**TASK ITEM:**
Below are records with pictures in them. Output exactly the lines from the one with "This striking black-and-white" through the one with "作品標(biāo)題、申報類", both included, and leave every picture out; give only those lines.

**SUPPLIED MATERIAL:**
=== Begin Enclosure ===

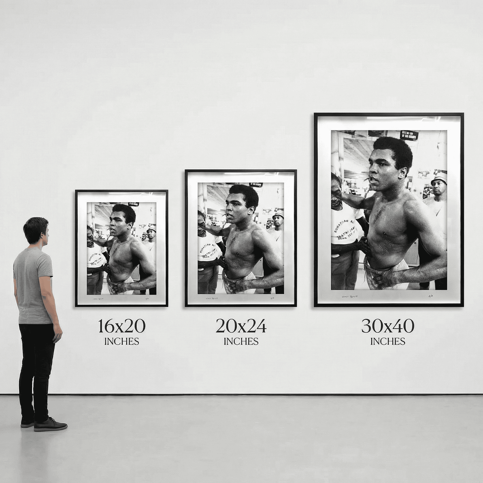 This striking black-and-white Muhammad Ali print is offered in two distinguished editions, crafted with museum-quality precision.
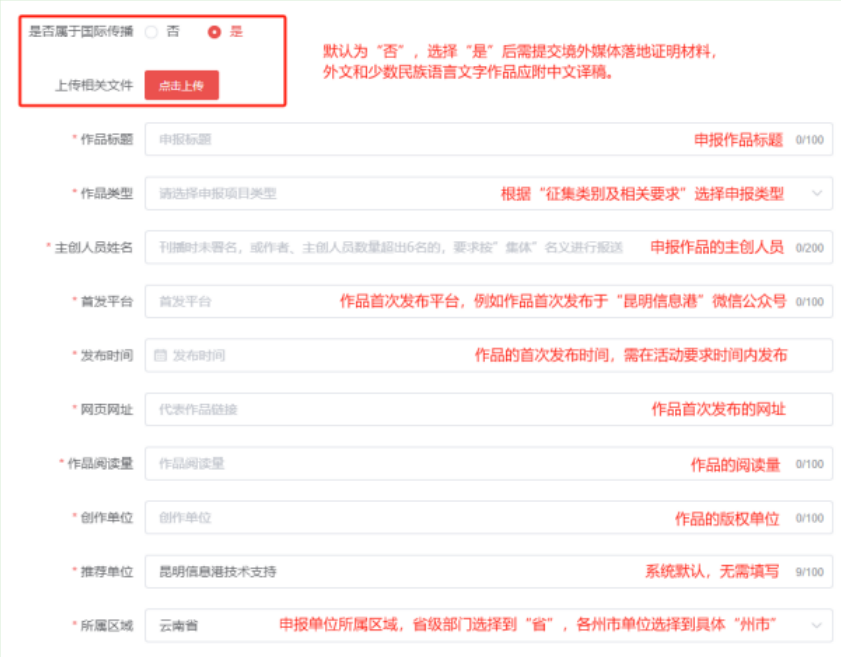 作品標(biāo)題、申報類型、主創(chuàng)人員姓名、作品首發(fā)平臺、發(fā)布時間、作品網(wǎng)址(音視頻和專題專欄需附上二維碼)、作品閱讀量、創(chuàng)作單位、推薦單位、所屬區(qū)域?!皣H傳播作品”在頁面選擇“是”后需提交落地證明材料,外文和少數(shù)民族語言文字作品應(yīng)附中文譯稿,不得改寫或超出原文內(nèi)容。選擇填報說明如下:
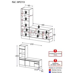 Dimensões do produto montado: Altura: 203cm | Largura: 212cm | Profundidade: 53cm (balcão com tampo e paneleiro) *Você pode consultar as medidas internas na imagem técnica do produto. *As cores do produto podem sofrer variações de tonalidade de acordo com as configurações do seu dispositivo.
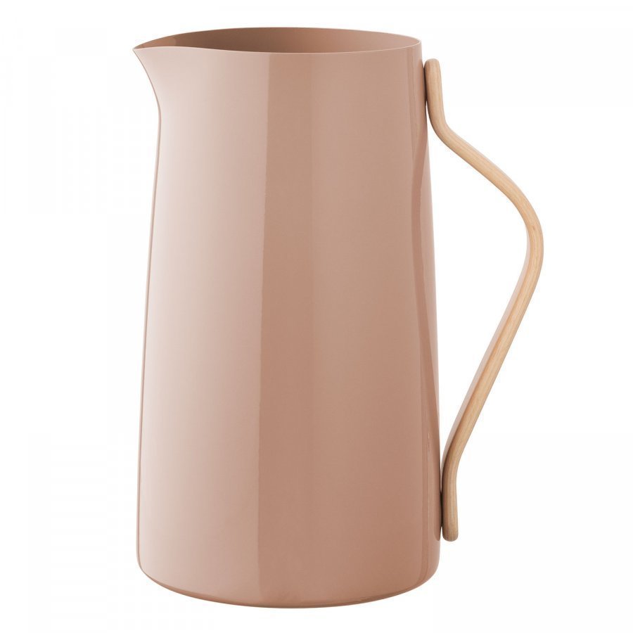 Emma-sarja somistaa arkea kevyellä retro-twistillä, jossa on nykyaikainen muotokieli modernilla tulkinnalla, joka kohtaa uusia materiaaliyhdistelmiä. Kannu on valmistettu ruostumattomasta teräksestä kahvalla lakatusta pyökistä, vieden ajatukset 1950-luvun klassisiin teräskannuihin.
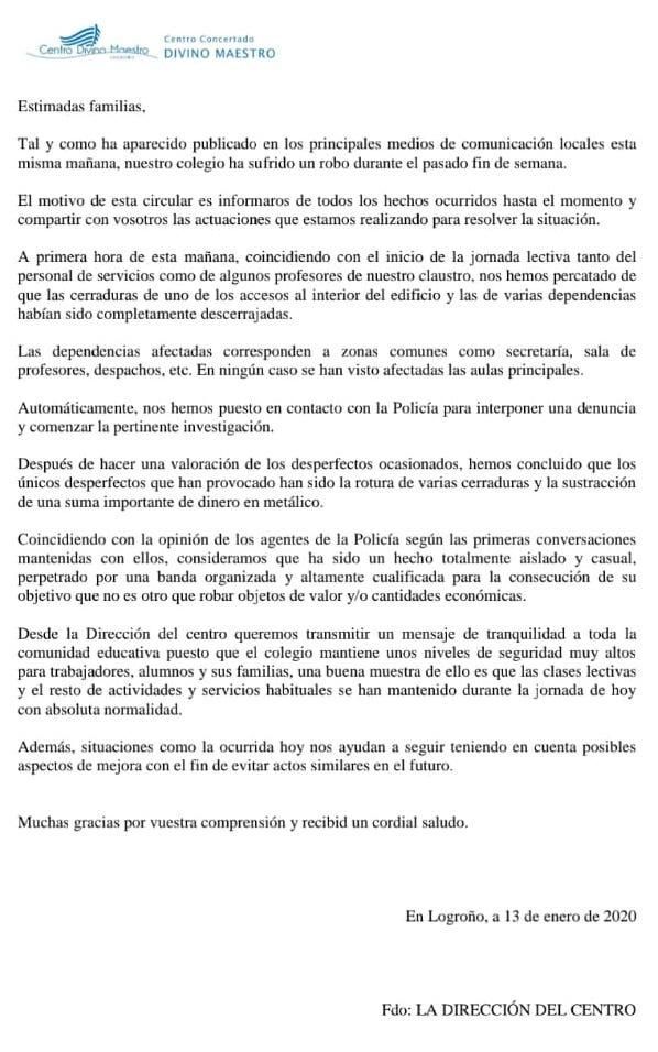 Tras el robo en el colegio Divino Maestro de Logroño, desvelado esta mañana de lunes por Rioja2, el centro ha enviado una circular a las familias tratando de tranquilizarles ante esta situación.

=== End Enclosure ===
=== Begin Enclosure ===

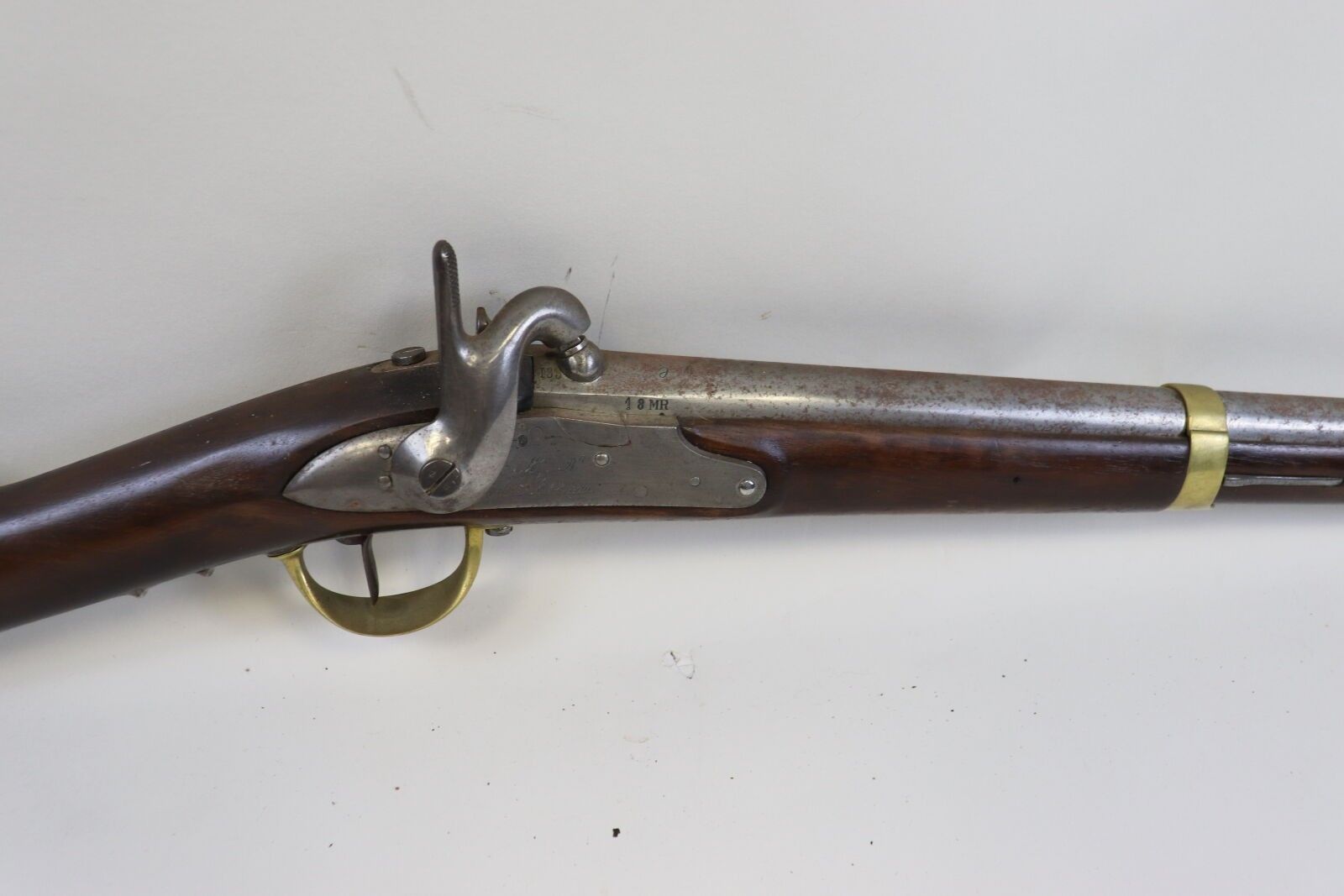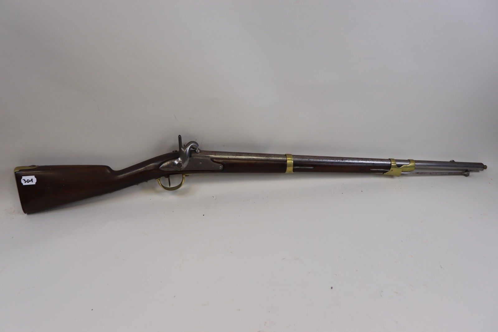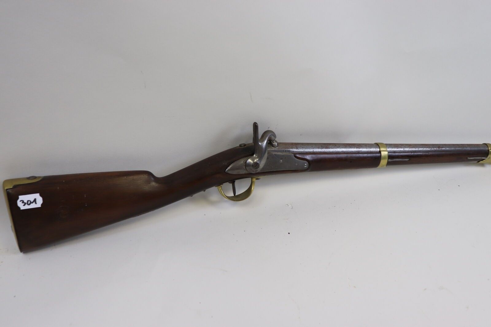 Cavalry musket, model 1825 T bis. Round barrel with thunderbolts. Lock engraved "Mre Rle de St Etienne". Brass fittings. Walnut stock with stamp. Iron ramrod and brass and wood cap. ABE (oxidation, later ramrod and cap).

=== End Enclosure ===

**COMPLETED TASK:**
 This striking black-and-white Muhammad Ali print is offered in two distinguished editions, crafted with museum-quality precision.
 作品標(biāo)題、申報類型、主創(chuàng)人員姓名、作品首發(fā)平臺、發(fā)布時間、作品網(wǎng)址(音視頻和專題專欄需附上二維碼)、作品閱讀量、創(chuàng)作單位、推薦單位、所屬區(qū)域?!皣H傳播作品”在頁面選擇“是”后需提交落地證明材料,外文和少數(shù)民族語言文字作品應(yīng)附中文譯稿,不得改寫或超出原文內(nèi)容。選擇填報說明如下:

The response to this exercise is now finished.